Template Parameters:
  • vertex_t – Type of vertex identifiers. Needs to be an integral type.

  • edge_t – Type of edge identifiers. Needs to be an integral type.

  • weight_t – Type of edge weights. Needs to be a floating point type.

  • multi_gpu – Flag indicating whether template instantiation should target single-GPU (false)

Parameters:
  • handle – RAFT handle object to encapsulate resources (e.g. CUDA stream, communicator, and handles to various CUDA libraries) to run graph algorithms.

  • graph_view – graph view to operate on

  • edge_weight_view – Optional view object holding edge weights for graph_view. If edge_weight_view.has_value() == false, edge weights are assumed to be 1.0.

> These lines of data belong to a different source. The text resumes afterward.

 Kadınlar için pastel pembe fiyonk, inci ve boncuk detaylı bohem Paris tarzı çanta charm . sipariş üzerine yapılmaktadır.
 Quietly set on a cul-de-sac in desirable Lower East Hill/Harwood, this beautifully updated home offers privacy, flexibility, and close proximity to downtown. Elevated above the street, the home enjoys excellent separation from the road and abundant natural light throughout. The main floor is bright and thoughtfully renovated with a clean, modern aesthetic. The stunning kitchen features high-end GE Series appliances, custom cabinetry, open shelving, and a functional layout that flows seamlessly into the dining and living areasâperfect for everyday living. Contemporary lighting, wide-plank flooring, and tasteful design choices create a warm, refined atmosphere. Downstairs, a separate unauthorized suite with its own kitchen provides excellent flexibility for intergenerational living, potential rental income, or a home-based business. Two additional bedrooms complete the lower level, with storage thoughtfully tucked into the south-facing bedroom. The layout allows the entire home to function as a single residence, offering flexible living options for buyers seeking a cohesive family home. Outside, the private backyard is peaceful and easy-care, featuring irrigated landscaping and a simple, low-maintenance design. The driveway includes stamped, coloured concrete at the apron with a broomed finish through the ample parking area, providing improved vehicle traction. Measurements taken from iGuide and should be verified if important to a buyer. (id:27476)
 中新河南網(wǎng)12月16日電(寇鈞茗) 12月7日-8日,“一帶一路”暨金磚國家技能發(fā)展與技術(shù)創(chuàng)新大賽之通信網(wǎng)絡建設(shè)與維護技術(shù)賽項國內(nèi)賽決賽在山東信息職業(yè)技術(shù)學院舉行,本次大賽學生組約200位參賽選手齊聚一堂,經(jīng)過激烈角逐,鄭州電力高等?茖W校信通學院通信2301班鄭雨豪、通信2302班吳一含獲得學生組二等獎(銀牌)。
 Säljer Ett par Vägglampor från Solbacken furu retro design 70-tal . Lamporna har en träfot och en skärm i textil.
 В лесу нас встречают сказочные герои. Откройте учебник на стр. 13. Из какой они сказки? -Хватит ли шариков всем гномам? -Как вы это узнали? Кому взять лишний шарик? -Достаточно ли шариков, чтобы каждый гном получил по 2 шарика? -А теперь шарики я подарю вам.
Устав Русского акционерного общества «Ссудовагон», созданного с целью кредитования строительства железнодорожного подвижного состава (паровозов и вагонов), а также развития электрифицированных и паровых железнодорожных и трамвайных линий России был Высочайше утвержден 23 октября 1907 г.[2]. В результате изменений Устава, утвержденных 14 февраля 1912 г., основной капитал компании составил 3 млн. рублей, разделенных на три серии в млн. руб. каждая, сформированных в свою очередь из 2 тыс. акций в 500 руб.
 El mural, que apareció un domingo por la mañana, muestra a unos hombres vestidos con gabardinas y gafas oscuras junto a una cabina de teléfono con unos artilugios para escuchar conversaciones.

  • start_vertices – Device span defining the starting vertices

  • max_length – maximum length of random walk

  • p – node2vec return parameter

  • q – node2vec in-out parameter

  • seed – (optional, defaults to system time), seed for random number generation

Returns:

tuple containing device vectors of vertices and the edge weights

For each input selector there will be (max_length+1) elements in the vertex vector with the starting vertex followed by the subsequent vertices in the random walk. If a path terminates before max_length, the vertices will be populated with

invalid_vertex_id

(-1 for signed vertex_t, std::numeric_limits<vertex_t>::max() for an unsigned vertex_t type)

For each input selector there will be max_length elements in the weights vector with the edge weight for the edge in the path. If a path terminates before max_length the subsequent edge weights will be set to weight_t{0}.